The sight of wing-back Stephen O’Donnell blocking Christie after the Celtic forward’s jinking run eliminated two opponents didn’t go down well, but Clarke would have been encouraged at that stage. Jaroslav Silhavy, his opposite number, had taken a seat in the technical area.
The probing continued. On 31 minutes, Christie collected a head-flick from a throw in and sprayed the ball out to Robertson. The captain was alone entering the Czech penalty area and dispatched a vicious shot which was touched over the crossbar by goalkeeper Tomas Vaclik’s fingertips.
Having failed to convert when in the ascendancy, Scotland found themselves punished. Perhaps predictably so.
The second phase of a Czech corner climaxed with Vladimir Coufal delivering a cross from the right flank towards Schick. The impressive Bayer Leverkusen forward climbed between Grant Hanley and Liam Cooper – Tierney’s replacement – to glance a precise header out of Marshall’s reach and into the corner of the net.
It was the perfect end to the first half for Silhavy’s side and understandably resulted in a subdued ambience around Hampden during the interval. Southampton striker Che Adams took Christie’s place for the second half with Scotland needing to force the issue somewhat.
The risk of leaving themselves exposed was made clear as both Schick and Vladimir Darida stung Marshall’s palms with netbound efforts within 60 seconds of the restart.
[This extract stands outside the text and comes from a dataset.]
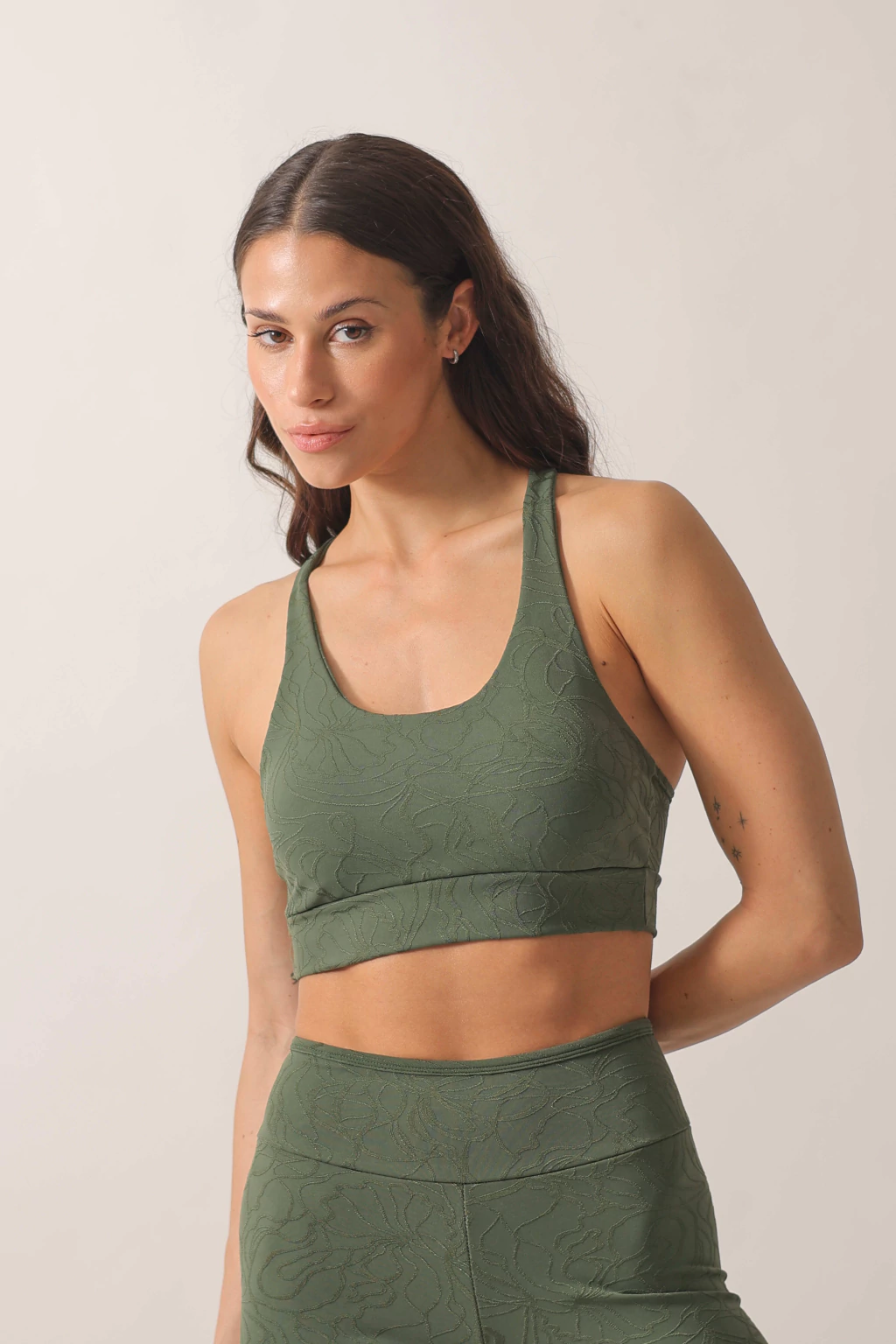 Nuestro Top Deportivo con Espalda Olímpica está confeccionado en tela Bongo, un textil importado de alta calidad, apto para traje de baño, moda y fitness.

At the opposite end, Jack Hendry struck the crossbar after Vaclik palmed away a cross, and seconds later the keeper was backtracking frantically to push away a miscued clearance from his own centre-back, Tomas Kalas.
However, with Scotland chasing the game, gaps at the back were inevitable. Hendry’s ambitious shot was blocked midway inside the Czech half and Schick collected the ricochet. His first-time audacious lob almost on the halfway line looped over Marshall and into the net to effectively kill hopes of a comeback.
It was a sublime finish from the game’s outstanding player, although questions will be asked of the goalkeeper’s high positioning. Those in dark blue looked punch-drunk.
When an impromptu chance fell to Dykes on 66 minutes, his left-footed shot was stopped by Vaclik’s outstretched right leg. A brilliant late run by substitute James Forrest took him past two defenders before another block, this time from Ondrej Celustka.
There were several calls over Hampden’s PA system for everyone to keep masks on as per Covid guidelines. In truth, the Tartan Army might have welcomed full-face covers to prevent them watching any more agony.
Scotland (3-5-2): Marshall; Hendry (McGregor 67), Hanley, Cooper; O’Donnell (Forrest 79), Armstrong (Fraser 67), McTominay, McGinn, Robertson; Christie (Adams 46), Dykes (Nisbet 79).
Czech Republic (4-2-3-1): Vaclik; Coufal, Celustka, Kalas, Boril; Kral (Holes 67), Soucek; Masopust (Vydra 72), Darida (Sevcik 87), Jankto (Hlozek 67); Schick (Krmencik 87).